How can I challenge the government if I’m wrongly accused of fraud?
If you believe you have been wrongly accused of fraud, there are several actions you can take to prove you are entitled to the money you’ve been paid.
Gather evidence: Collect any documents that detail your financial history and payments, like your tenancy agreement or bank statements.

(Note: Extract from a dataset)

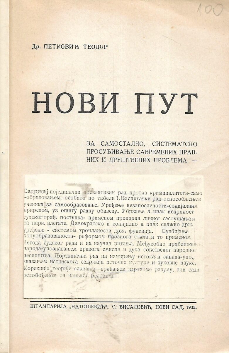 dr.Teodor Petković: Novi put (ćirilica)

Mandatory reconsideration: You can ask the DWP to look at their decision again. This is called a mandatory reconsideration. You should do this within one month of the decision being made. If you miss the deadline, you may still be able to request reconsideration if you have a good reason.​
Appeal to tribunal: If the mandatory reconsideration upholds the decision, you can appeal to an independent tribunal called the Social Security and Child Support Tribunal. This tribunal is separate from the DWP and will examine your case impartially. You need to submit an appeal within one month of the reconsideration decision, but late appeals (up to 13 months) may be accepted with a valid reason.​
Appeal process: You can appeal online or by post using the SSCS1 form. The tribunal may hold a hearing by phone, video call, or in-person, where you can present your case. If you win, the decision will be changed, and any penalties or repayments may be cancelled or reduced.​
Seek advice: Advice services like Citizens Advice or welfare rights organisations can help with the appeal and gather evidence to support your case.​
Other actions: If accused of benefit fraud beyond an overpayment, you have the right to legal representation and can challenge investigations or penalties through this tribunal route.
A DWP spokesperson said: “We do not use automated decision making in the targeted case review process. The decision on benefit entitlement is made by a human caseworker.
“We have an obligation to protect public funds. By reviewing claims, we can ensure claimants are receiving the correct entitlement and avoid falling into or accumulating further debt.”